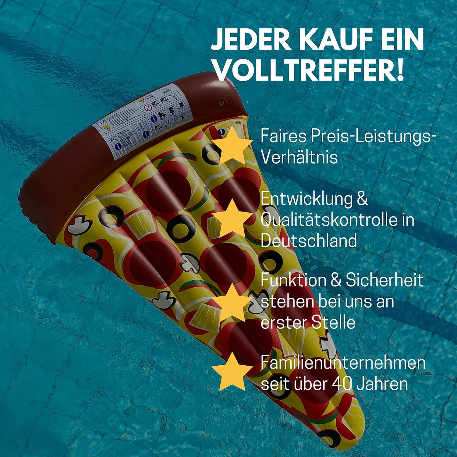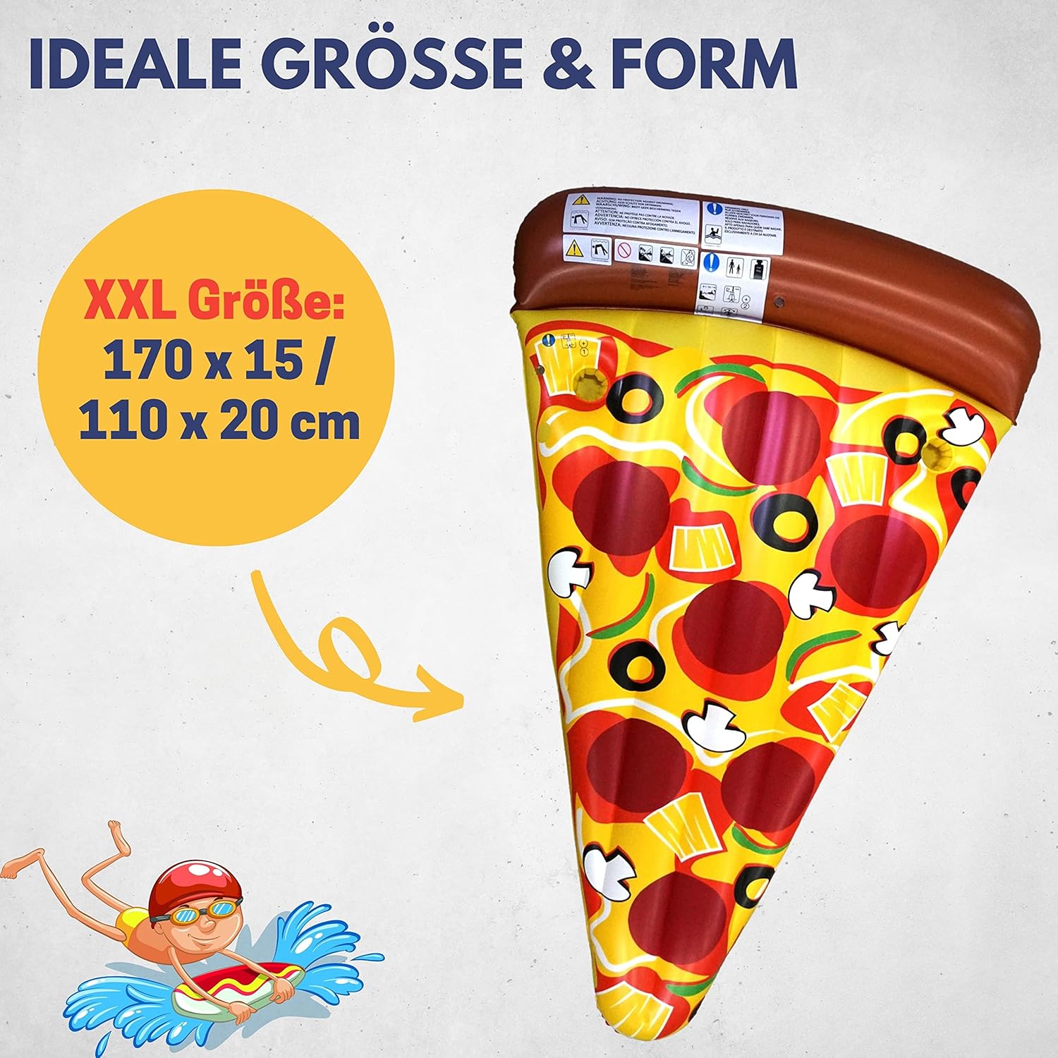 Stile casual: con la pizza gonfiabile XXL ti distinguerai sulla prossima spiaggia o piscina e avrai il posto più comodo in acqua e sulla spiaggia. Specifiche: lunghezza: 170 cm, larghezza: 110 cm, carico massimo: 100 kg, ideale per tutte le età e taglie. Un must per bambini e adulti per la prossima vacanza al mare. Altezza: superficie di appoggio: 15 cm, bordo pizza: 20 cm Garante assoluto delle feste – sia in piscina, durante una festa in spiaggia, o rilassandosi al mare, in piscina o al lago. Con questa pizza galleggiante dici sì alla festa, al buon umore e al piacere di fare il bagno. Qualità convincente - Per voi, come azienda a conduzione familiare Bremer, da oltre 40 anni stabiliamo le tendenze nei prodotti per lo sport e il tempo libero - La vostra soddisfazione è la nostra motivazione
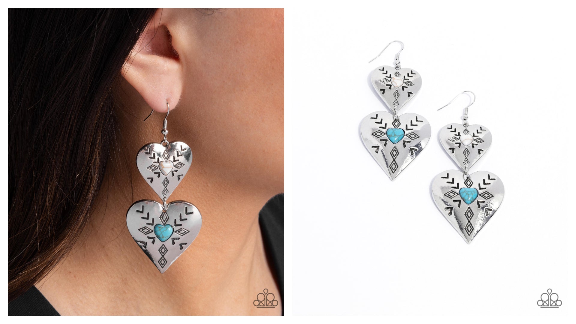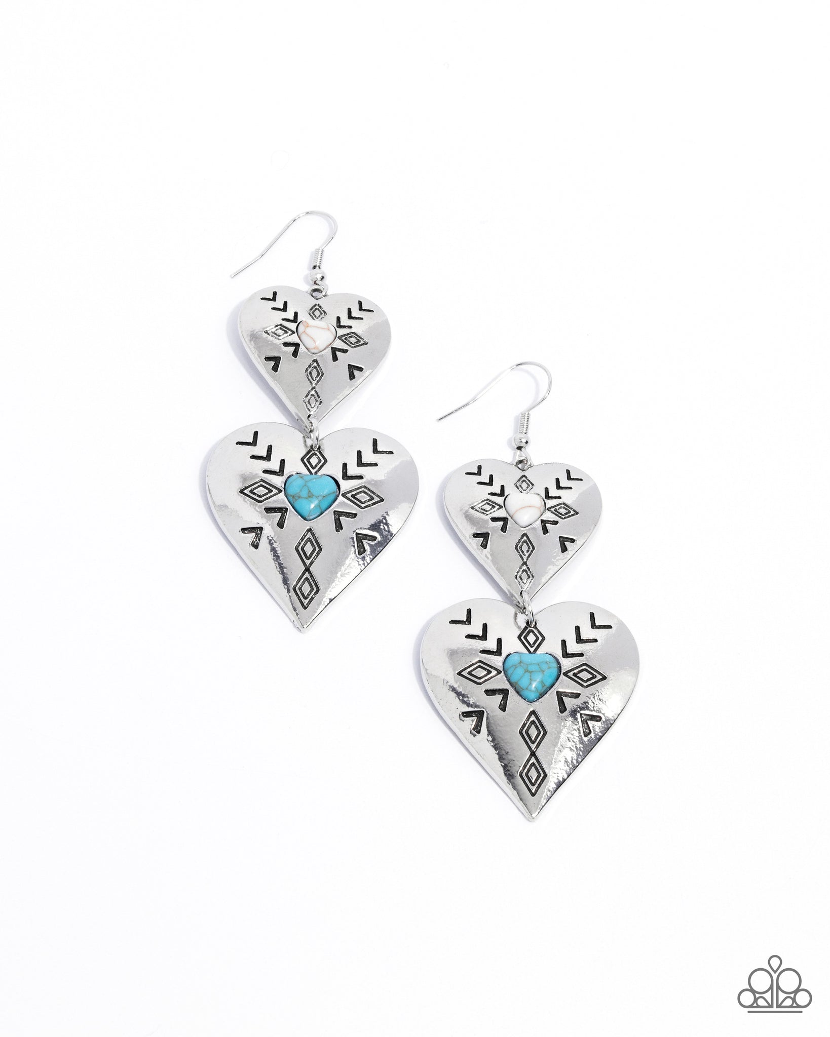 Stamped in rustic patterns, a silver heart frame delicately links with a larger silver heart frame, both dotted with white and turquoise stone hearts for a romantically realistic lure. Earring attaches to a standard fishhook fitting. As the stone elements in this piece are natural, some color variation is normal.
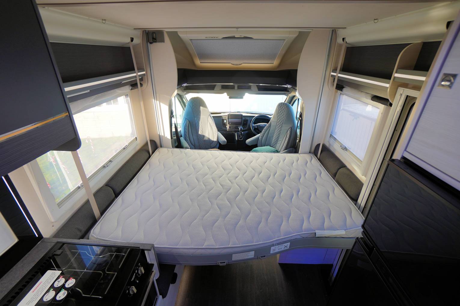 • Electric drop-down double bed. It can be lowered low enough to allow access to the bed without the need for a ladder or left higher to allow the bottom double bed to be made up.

### WHAT YOU NEED TO DO:
Once the pictures are set aside, please reproduce the remaining material word for word.

### EXERCISE ANSWER:
 Stile casual: con la pizza gonfiabile XXL ti distinguerai sulla prossima spiaggia o piscina e avrai il posto più comodo in acqua e sulla spiaggia. Specifiche: lunghezza: 170 cm, larghezza: 110 cm, carico massimo: 100 kg, ideale per tutte le età e taglie. Un must per bambini e adulti per la prossima vacanza al mare. Altezza: superficie di appoggio: 15 cm, bordo pizza: 20 cm Garante assoluto delle feste – sia in piscina, durante una festa in spiaggia, o rilassandosi al mare, in piscina o al lago. Con questa pizza galleggiante dici sì alla festa, al buon umore e al piacere di fare il bagno. Qualità convincente - Per voi, come azienda a conduzione familiare Bremer, da oltre 40 anni stabiliamo le tendenze nei prodotti per lo sport e il tempo libero - La vostra soddisfazione è la nostra motivazione
 Stamped in rustic patterns, a silver heart frame delicately links with a larger silver heart frame, both dotted with white and turquoise stone hearts for a romantically realistic lure. Earring attaches to a standard fishhook fitting. As the stone elements in this piece are natural, some color variation is normal.
 • Electric drop-down double bed. It can be lowered low enough to allow access to the bed without the need for a ladder or left higher to allow the bottom double bed to be made up.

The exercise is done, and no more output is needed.